Amazon SageMaker
Developer Guide

Image Classification Algorithm

The Amazon SageMaker image classification algorithm is a supervised learning algorithm that takes an image as input and classifies it into one of multiple output categories. It uses a convolutional neural network (ResNet) that can be trained from scratch, or trained using transfer learning when a large number of training images are not available.

The recommended input format for the Amazon SageMaker image classification algorithms is Apache MXNet RecordIO. However, you can also use raw images in .jpg or .png format.


To maintain better interoperability with existing deep learning frameworks, this differs from the protobuf data formats commonly used by other Amazon SageMaker algorithms.

For more information on convolutional networks, see:

Input/Output Interface

The Amazon SageMaker Image Classification algorithm supports both RecordIO (application/x-recordio) and image (application/x-image) content types for training. The algorithm supports only application/x-image for inference.

Training with RecordIO Format

If you use the RecordIO format for training, specify both train and validation channels as values for the InputDataConfig parameter of the CreateTrainingJob request. Specify one RecordIO (.rec) file in the train channel and one RecordIO file in the validation channel. Set the content type for both channels to application/x-recordio.

Training with Image Format

If you use the Image format for training, specify train, validation, train_lst, and validation_lst channels as values for the InputDataConfig parameter of the CreateTrainingJob request. Specify the individual image data (.jpg or .png files) for the train and validation channels. Specify one .lst file in each of the train_lst and validation_lst channels. Set the content type for all four channels to application/x-image.

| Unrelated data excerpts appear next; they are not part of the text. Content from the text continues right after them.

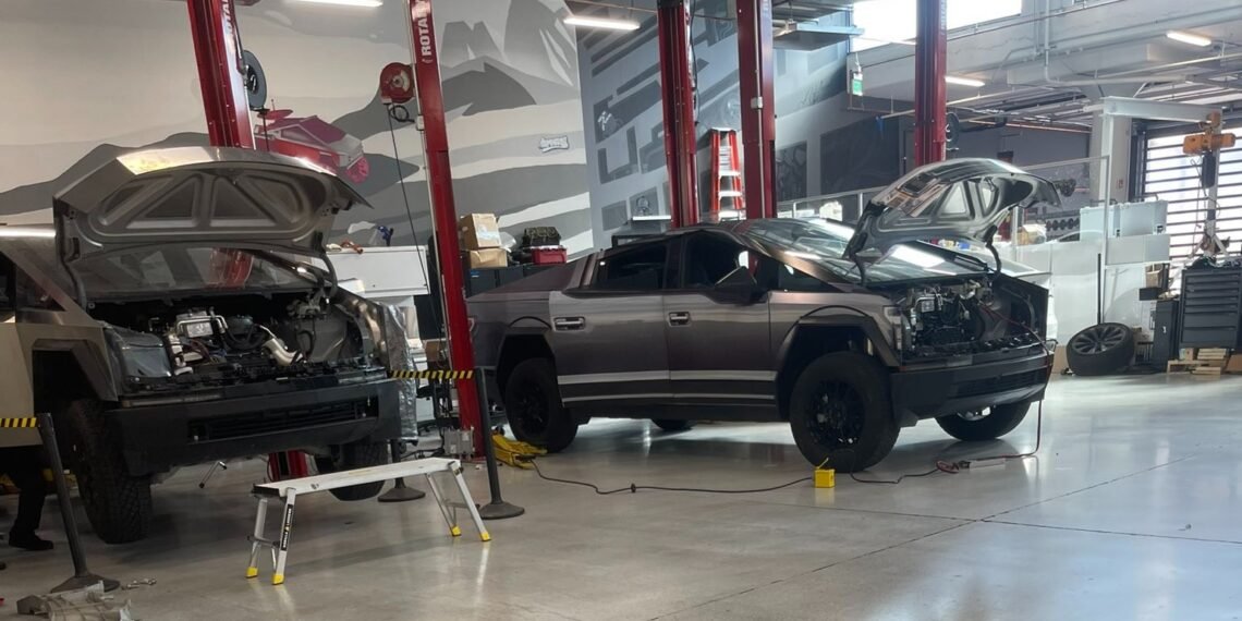 Tesla appears to have wrapped a Cybertruck to look like a Ford F-150 Lightning for some strange reason.
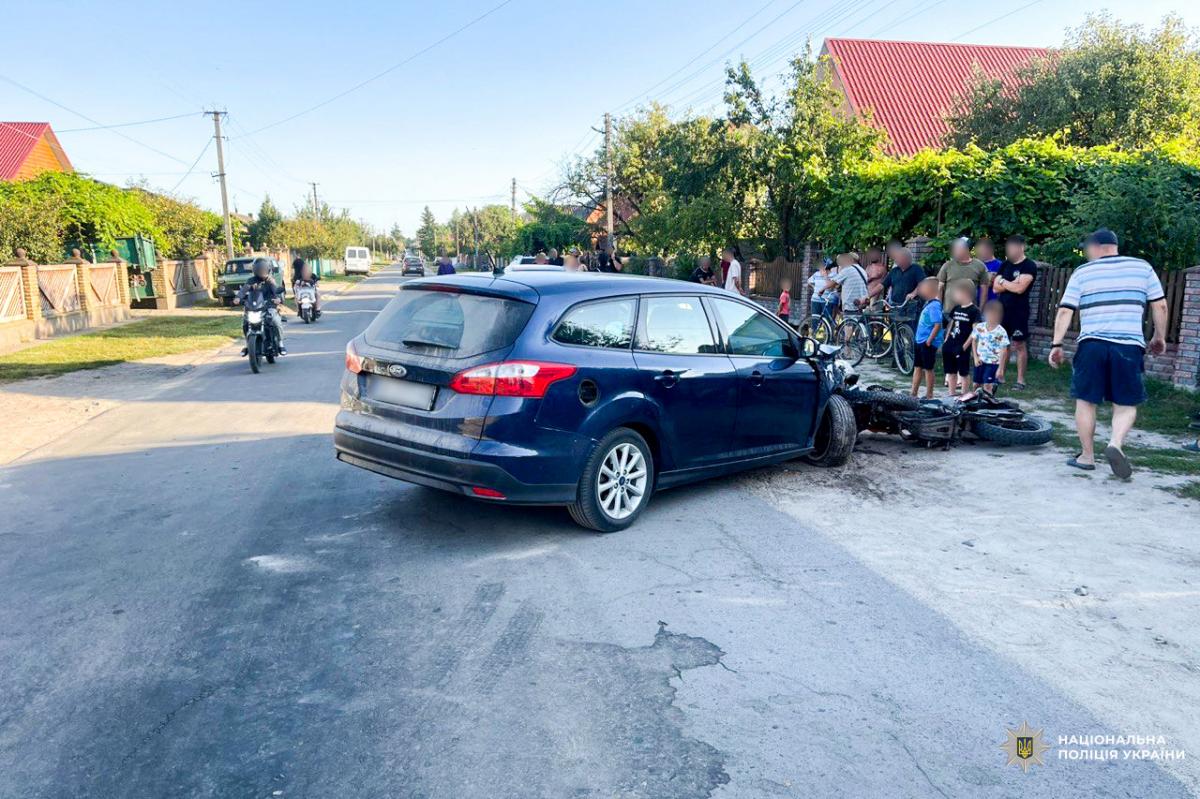 Унаслідок ДТП травм зазнав кермувальник двоколісного та пасажир, які були без мотошоломів. У 16-річного парубка медики діагностували відкритий перелом в ділянці ступні та забої. У 13-річного жителя Городища — закриту черепно-мозкову травму, струс головного мозку та травму грудної клітки. Обох госпіталізували до лікарні.
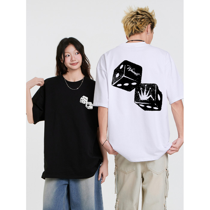 WAINOT潮牌重磅純棉骰子印花短袖男T恤情侶上衣高街嘻哈2025夏季
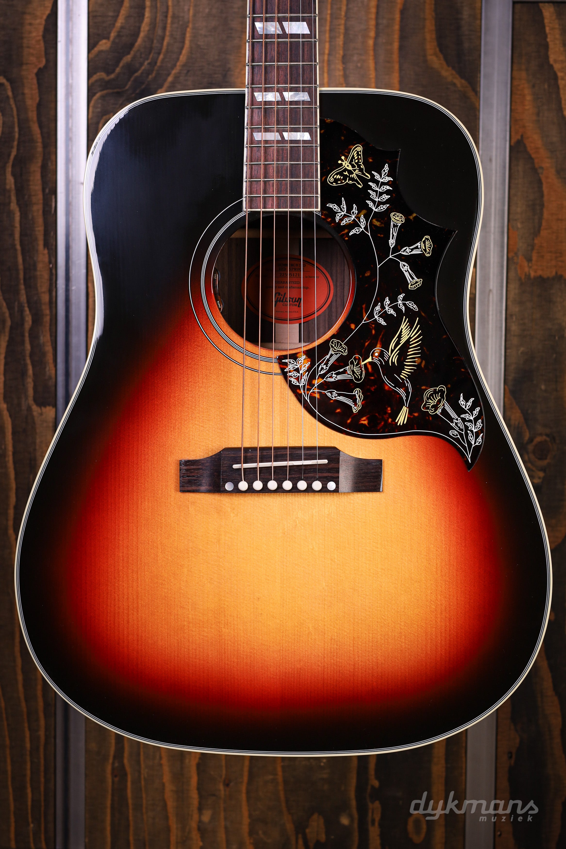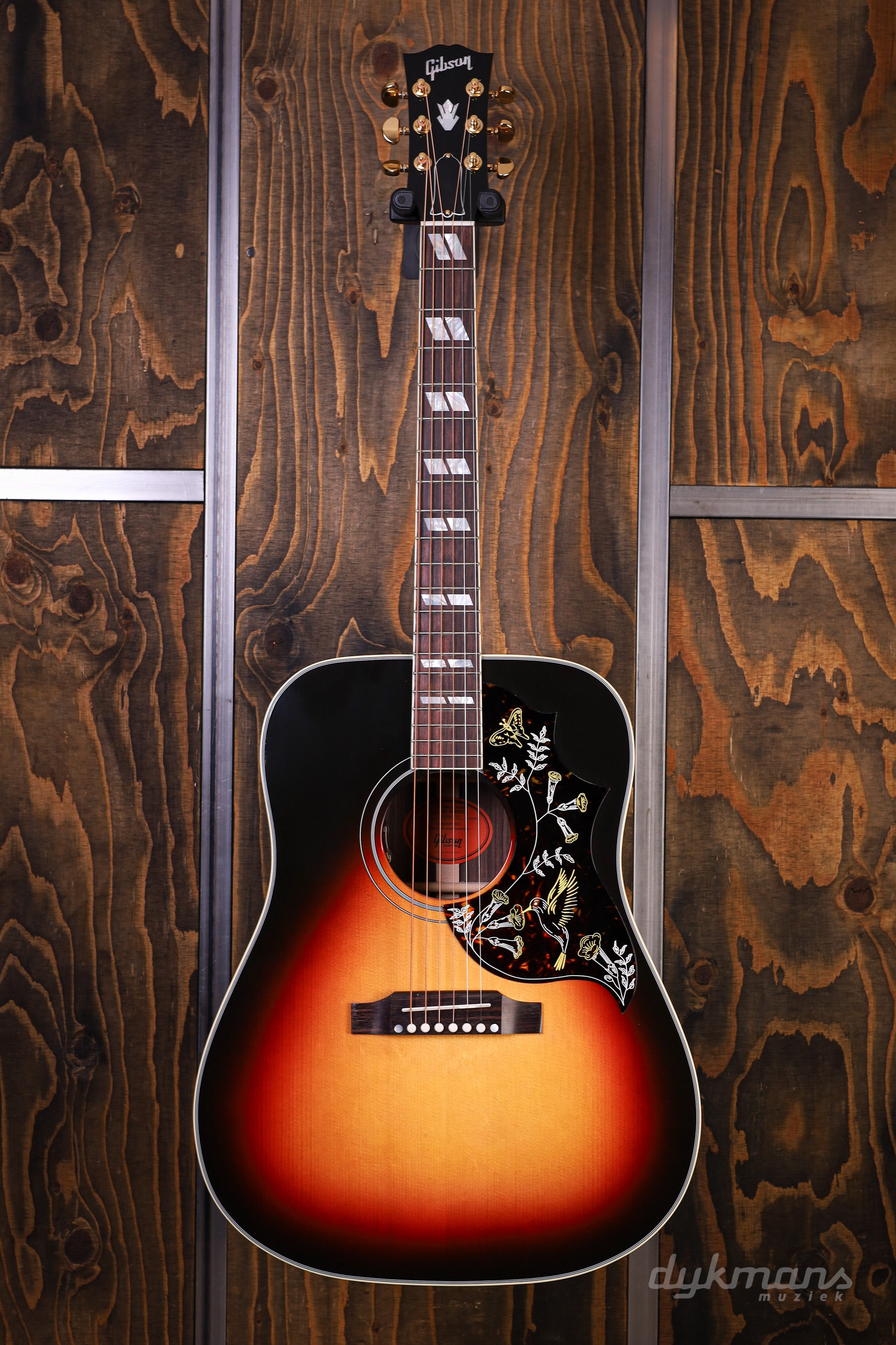 De karakteristieke square-shoulder body zorgt voor een krachtige en brede sound, terwijl de diepe Tri-Burst Gloss afwerking het instrument een stijlvolle en exclusieve uitstraling geeft. De beroemde Hummingbird slagplaat met bloemenmotief, de parallellogram inlays en de goudkleurige hardware maken het geheel visueel net zo indrukwekkend als klankmatig. Dit is een gitaar die direct opvalt op het podium en in de studio.
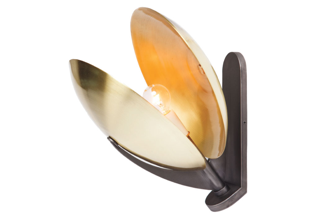 The Kino wall sconce, designed by Justin Giunta for Avrett, is reminiscent of under-the-sea crustaceans and the rising run. Shown here in brushed steel and satin brass, the fixture is available in an array of custom finishes. Through John Rosselli & Associates, D&D, 212-593-2060, johnrosselli.com, avrett.com.
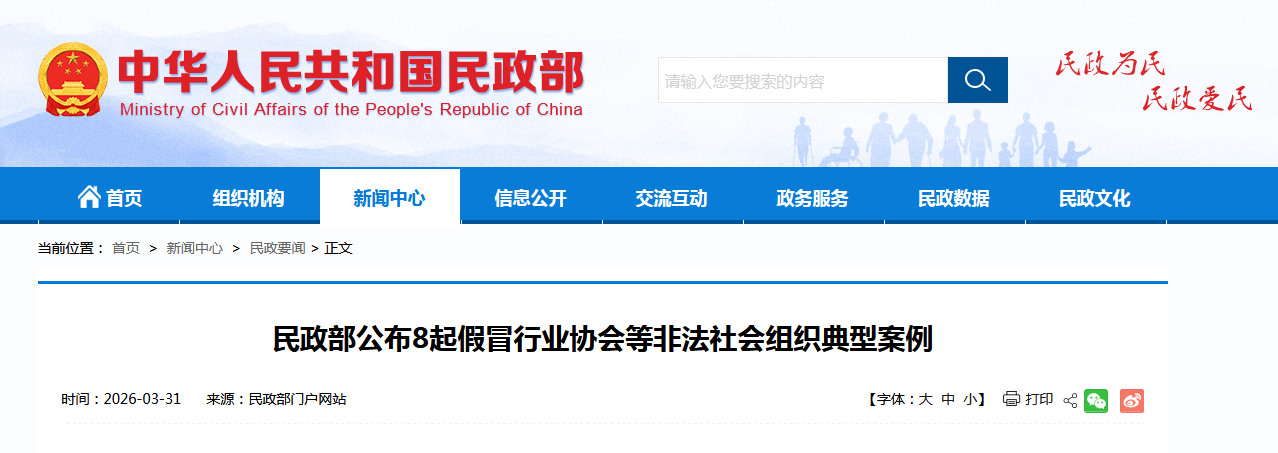 近年来,行业协会等社会组织聚焦服务党和国家工作大局,积极发挥自身优势,勇于创新探索,在反映行业诉求、协调利益关系、化解矛盾纠纷、开展建言献策、参与国际争端等方面发挥了积极作用。同时,一些未经登记、打着行业协会等旗号开展活动的非法社会组织,损害企业和人民群众合法权益,扰乱市场秩序,破坏社会组织登记管理秩序,侵蚀社会组织公信力。2025年以来,民政部坚决贯彻党中央、国务院决策部署,指导各级民政部门零容忍打击整治非法社会组织,依法处置了一批非法社会组织,有效防范化解了潜在的风险隐患,为经济社会健康发展贡献了民政力量。现选取地方民政部门依法查处的8起假冒行业协会等非法社会组织典型案例予以公布。同时,提醒有关机构和社会公众,在与社会组织开展合作或参与其活动时,可通过“中国社会组织政务服务平台”(https://chinanpo.mca.gov.cn)、“中国社会组织动态”政务微信(微信号:chinanpogov)核实其身份;发现非法社会组织活动线索的,请及时向属地民政部门举报。

A .lst file is a tab-separated file with three columns that contains a list of image files. The first column specifies the image index, the second column specifies the class label index for the image, and the third column specifies the relative path of the image file. The image index in the first column must be unique across all of the images. The set of class label indices are numbered successively and the numbering should start with 0. For example, 0 for the cat class, 1 for the dog class, and so on for additional classes.

The following is an example of a .lst file:

5 1 your_image_directory/train_img_dog1.jpg 1000 0 your_image_directory/train_img_cat1.jpg 22 1 your_image_directory/train_img_dog2.jpg

For example, if your training images are stored in s3://<your_bucket>/train/class_dog, s3://<your_bucket>/train/class_cat, and so on, specify the path for your train channel as s3://<your_bucket>/train, which is the top-level directory for your data. In the .lst file, specify the relative path for an individual file named train_image_dog1.jpg in the class_dog class directory as class_dog/train_image_dog1.jpg. You can also store all your image files under one subdirectory inside the train directory. In that case, use that subdirectory for the relative path. For example, s3://<your_bucket>/train/your_image_directory.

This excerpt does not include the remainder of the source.